Watch a recording of this talk.

Clustering is a popular unsupervised methodology used to divide individuals of a population or data points into groups based on their similarity. Accurately measuring similarities between data points is crucial to understanding the innate groupings in a dataset. In this talk, we will discuss some challenges in clustering spatiotemporal data, mainly when the data are mixtures of cross-sectional and time series data. A review of clustering in climate data will be given, along with applications that may inspire new clustering methods for weather and climatology data. We will discuss various strategies for estimating similarity and clustering through smoothing methodologies for mixed-type data. The Q\&A period will be open to discussing problems of climate science that may be addressed through clustering.
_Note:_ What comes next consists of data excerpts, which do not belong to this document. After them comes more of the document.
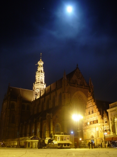 オランダに行った時、ハーレムという街の教会の写真ですこの写真を撮る直前まで雪が吹雪いてました 地面にはうっすらと雪が積もってます 雪が止んで月が見えてとても幻想的だったので思わず記念に残しました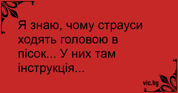 Я знаю, чому страуси ходять головою в пісок... У них там інструкція...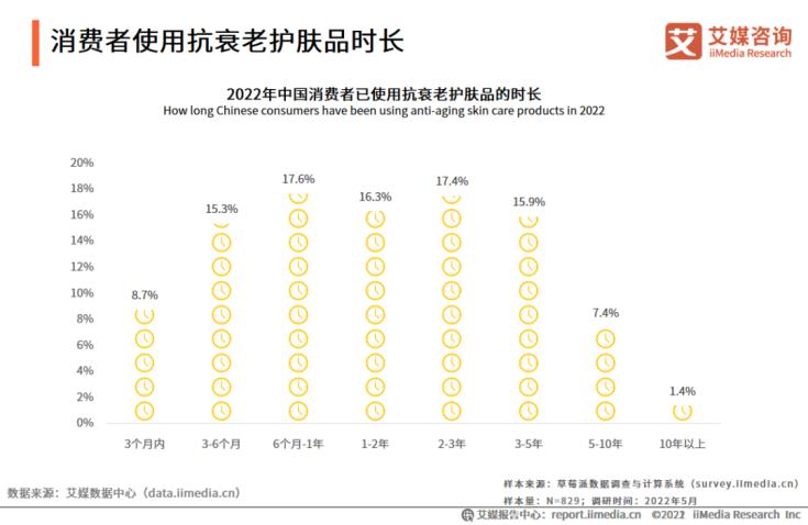 iiMedia Research(艾媒咨詢)數(shù)據(jù)顯示,使用抗衰老護膚品時長為6個月-1年的消費者數(shù)量最多,占比17.6%,其次是使用2-3年的消費者,占比17.4%,使用1-2年的消費者占比16.3%。艾媒咨詢分析師認為,五成以上消費者使用抗衰老護膚品的時長為6個月-3年,大部分消費者在近三年里使用抗衰老護膚品,抗衰老護膚品要持續(xù)迭代升級抗衰成分的有效性,以贏得更多消費者的認可。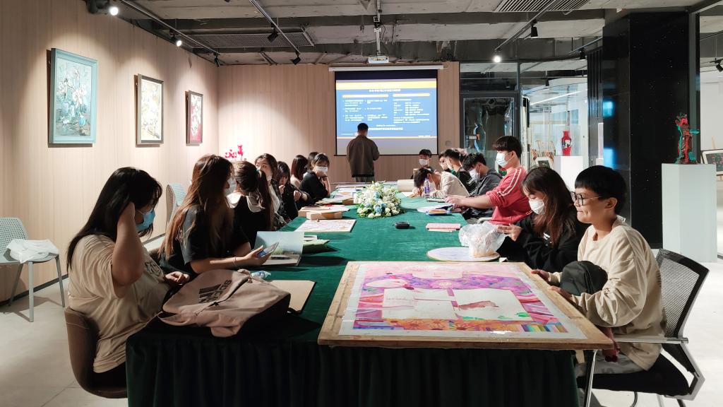 此次课程围绕壁画创作进行教学,以传统文化、庆祝建党一百周年、学校校庆50周年、民俗文化等题材为主题,以掐丝珐琅等技法为材料进行艺术创作。潘鲁生指出,要深入研究中华优秀传统文化,借助传统手工艺技法进行教学探索,可适当增加多种工艺技法从而丰富壁画艺术表现形式,从而做到创造性转化和创新性发展。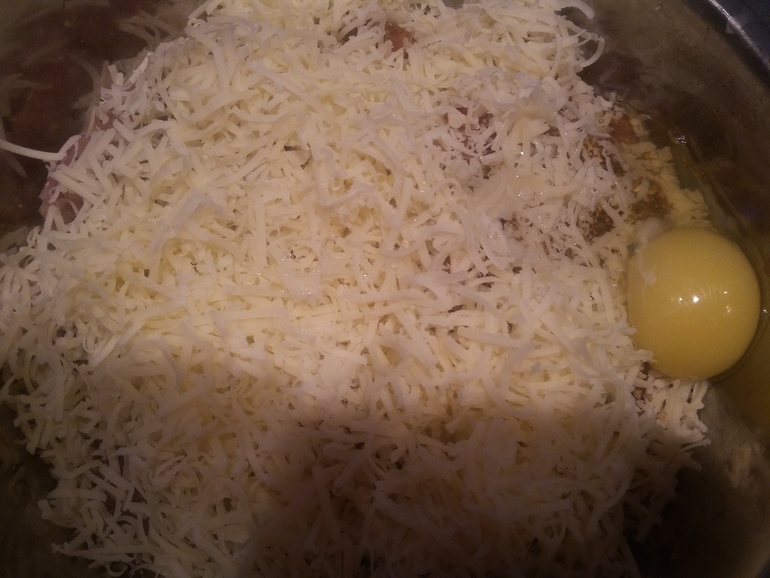 Вбить 1 яйцо и 100 г пармезана: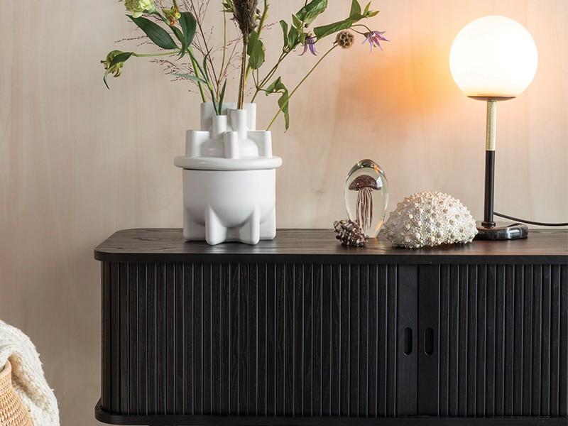 • Top and bottom MDF with veneer, inside panels MDF with foil, legs and tambour solid wood.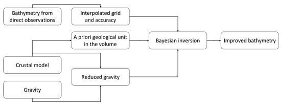The proposed methodology to improve bathymetry modeling, compared to the standard described in Section 1.1, has a more linear workflow. A schematic representation of the new workflow is reported in Figure 1. As a first step, direct bathymetric observations are used to compute an initial map of the seafloor over a certain study area; this can be done by means of a kriging algorithm [10] or a least squares collocation algorithm [11]. Note that both the interpolation algorithms also provide an estimate of the accuracy, in terms of STD, of the obtained grid. From a statistical point of view, we can expect the actual bathymetry to be in the range ± 3 times the STD from the estimated grid. This information is used to define the a priori bathymetry and its range of variability within the Bayesian inversion.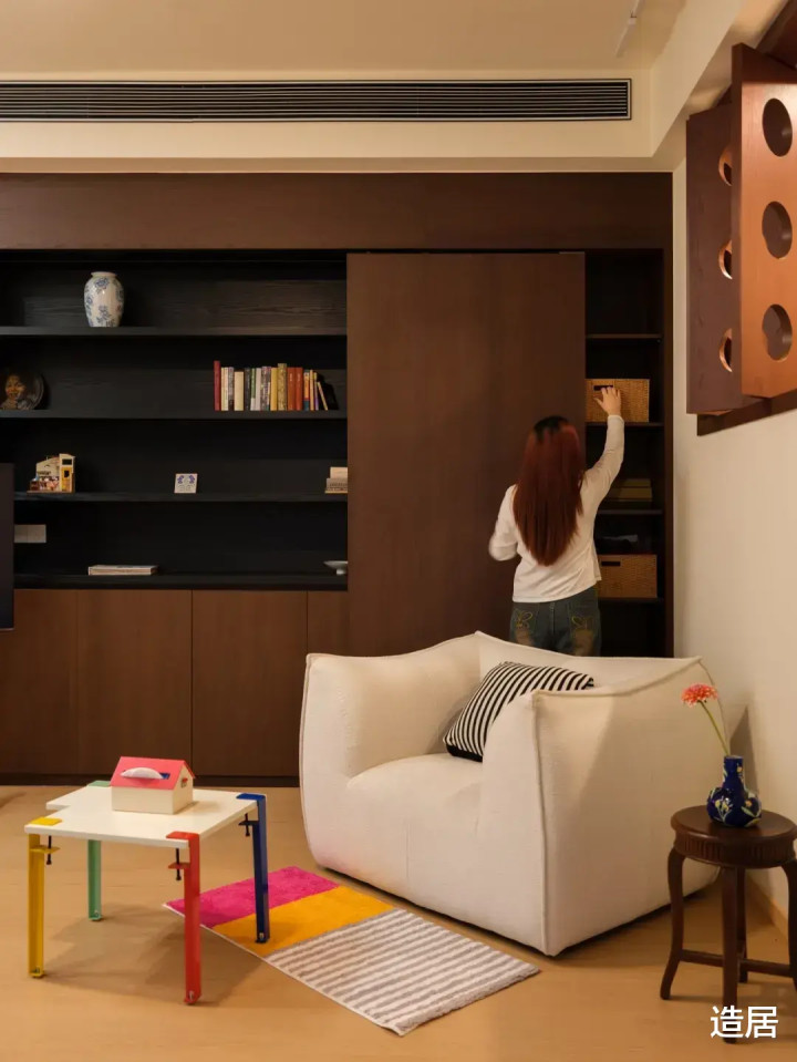 家里有孩子需要辅导作业,这个布局再合适不过。沙发背后定制一张超长书桌,家长坐在沙发上,就能随时照看书桌前写作业的孩子,不用在客厅和书房之间来回跑,兼顾家务和育儿。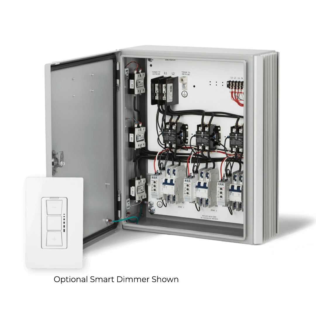 Scalable Zone & Dimming Control – Panels are available in single to multi-relay configurations (up to 6 relays) with 0-100% dimming capability and built-in timer, ideal for residential or commercial outdoor heating systems.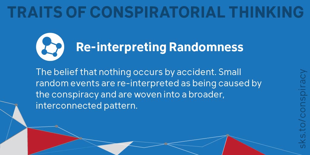 9/9 RE-INTERPRETING RANDOMNESS: The overriding suspicion found in conspiratorial thinking results in the belief that nothing occurs by accident. Small random events are re-interpreted as being caused by the conspiracy. More details at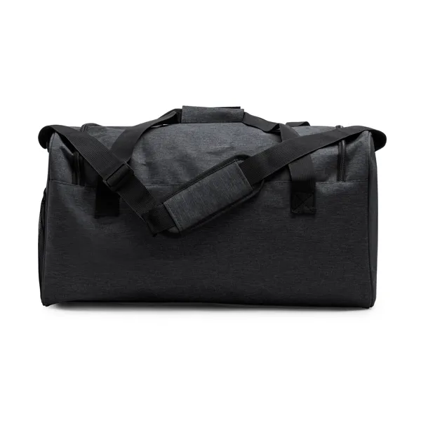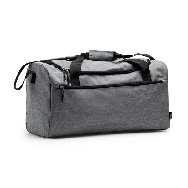 Višenamjenska torba izrađena od 300D RPET materijala u dizajnu s heather završnom obradom. Kapacitet 30 litara. Glavni i prednji džep s patentnim zatvaračem. Bočni džep od mrežice. Uključena podesiva naramenica.
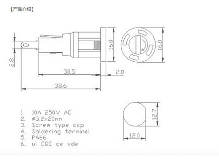 產(chǎn)品名稱: H3-54B(面板安裝) 保險(xiǎn)絲座(引線式)|汽車保險(xiǎn)絲座H(引線式)|保險(xiǎn)絲盒(引線式)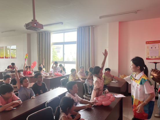 第二天,志愿者團(tuán)隊來到湯圩村青耕學(xué)堂,根據(jù)參學(xué)兒童低齡化的特點,組成“森林小隊”,化身兔子姐姐、獅子哥哥等等有趣的卡通形象,迅速拉近了和孩子們的距離。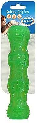 Duvo Plus TPR Stick Squeaky - Здрава, плаваща TPR играчка за кучета, почиства зъбите и масажира венците, 18 см. Duvoplus TPR Stick Squeaky е много издръжлива и здрава играчка за кучета. Благодарение на лекото тегло играчката плува и вашето куче може да се забавлява с нея във и извън водата. Релефният модел почиства зъбите с лекота по време на игра. Плаваща играчка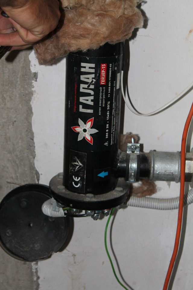 A pincébe érve szembesültünk azzal, hogy a rendszerben egy GALAN típusú orosz elektródás kazán dübörög, a cirill betűs márkanév jól kivehető a fotókon is. Továbbá CE minősítése is van az ionkazánunknak, sőt a minőséget tanúsító intézet megnevezése is fel van tüntetve. Látszólag minden rendben van, külsőre egy biztonságos, forgalomba hozható eszköz van a falra telepítve.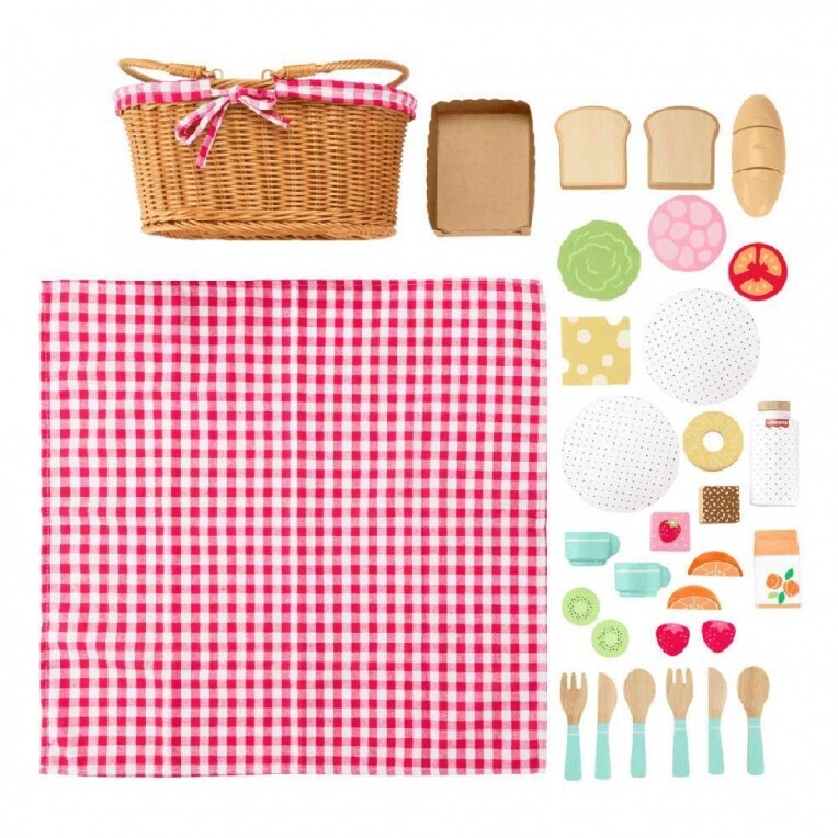 Τα παιδιά προσχολικής ηλικίας μπορούν να μαζέψουν τα πράγματά τους και να ξεκινήσουν για ατελείωτες «υπαίθριες» περιπέτειες με αυτό το ξύλινο καλάθι πικνίκ και αυτό το σετ παιχνιδιού με φαγητό από την Fisher-Price®. Αυτό το σετ 31 τεμαχίων έχει όλα όσα χρειάζονται τα παιδιά για ένα υπέροχα διασκεδαστικό πικ-νικ, όπως πιάτα, ποτήρια, μαχαιροπήρουνα, 17 κομμάτια φαγητού παιχνιδιού, μια άνετη κουβέρτα από ζιγκάμ και ένα καλάθι για να τα μεταφέρετε όλα. Με κομμάτια κατασκευασμένα από ξύλο που προέρχεται από καλά διαχειριζόμενα, πιστοποιημένα δάση FSC®, αυτό το ξύλινο σετ παιχνιδιών προσφέρει φρέσκια διασκέδαση για παιχνίδι ρόλων για το παιδί σας προσχολικής ηλικίας.

Dr. John R.J. Thompson is an Assistant Professor at the University of British Columbia (Okanagan campus) whose areas of expertise are nonparametric and applied statistics and machine learning. His research interests lie in smoothing, distance metric learning, clustering, and change-point analysis. This research is motivated by applications to behavioural finance and environmental science, including estimating forest fire spread using anisotropic smoothing techniques and estimating fuel types in regional satellite imagery, clustering the trading behaviours of Canadian investors under the guidance of financial advisors, and designing effective financial measures and Robo-tools that aid financial advisors in supporting their clients’ investment portfolios.